- PROMPT
Count every line of the listing where the string "Madurodam" occurs, and reply with the count alone.

*** Opening of MATERIAL FOR THIS EXERCISE ***

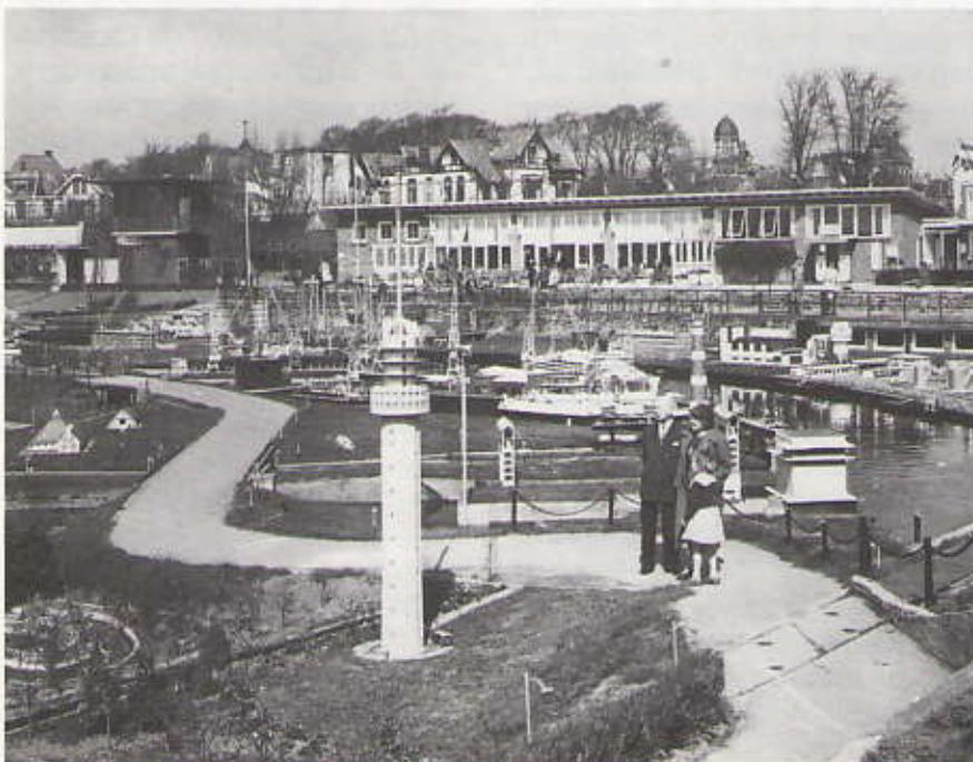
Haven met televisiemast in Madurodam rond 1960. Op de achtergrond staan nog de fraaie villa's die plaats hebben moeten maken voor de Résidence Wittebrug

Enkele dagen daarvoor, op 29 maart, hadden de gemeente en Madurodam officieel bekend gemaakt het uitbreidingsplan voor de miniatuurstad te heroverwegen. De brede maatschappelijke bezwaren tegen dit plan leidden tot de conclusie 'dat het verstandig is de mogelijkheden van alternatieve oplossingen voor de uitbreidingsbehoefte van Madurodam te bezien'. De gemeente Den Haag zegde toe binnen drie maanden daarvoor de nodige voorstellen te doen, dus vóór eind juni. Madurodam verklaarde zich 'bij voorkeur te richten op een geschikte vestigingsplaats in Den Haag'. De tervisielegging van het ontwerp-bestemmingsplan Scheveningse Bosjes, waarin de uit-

*** Close of MATERIAL FOR THIS EXERCISE ***
*** Opening of MATERIAL FOR THIS EXERCISE ***

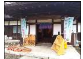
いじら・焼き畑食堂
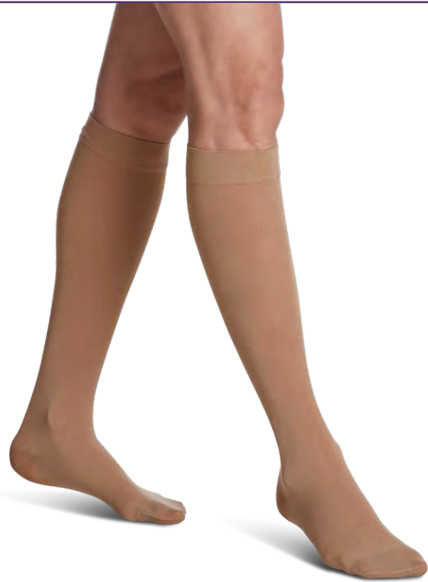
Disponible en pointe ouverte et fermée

*** Close of MATERIAL FOR THIS EXERCISE ***
*** Opening of MATERIAL FOR THIS EXERCISE ***

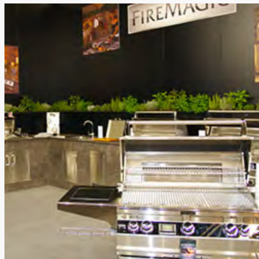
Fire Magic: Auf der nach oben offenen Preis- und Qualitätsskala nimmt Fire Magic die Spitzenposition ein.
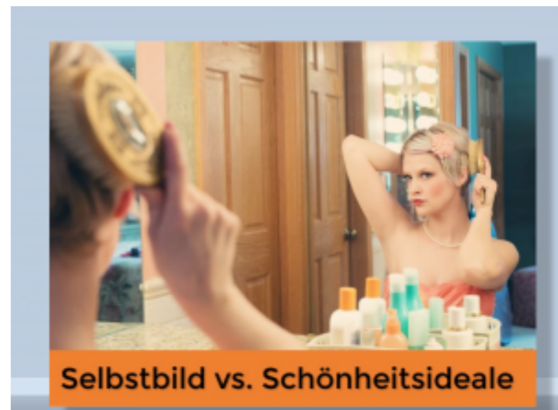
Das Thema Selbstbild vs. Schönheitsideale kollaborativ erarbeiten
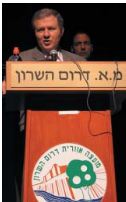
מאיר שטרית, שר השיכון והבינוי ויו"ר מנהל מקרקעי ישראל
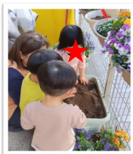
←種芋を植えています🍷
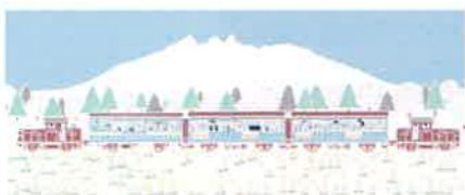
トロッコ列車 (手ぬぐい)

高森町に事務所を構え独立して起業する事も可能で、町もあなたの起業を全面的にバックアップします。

*** Close of MATERIAL FOR THIS EXERCISE ***

- ANSWER TO THIS EXERCISE
2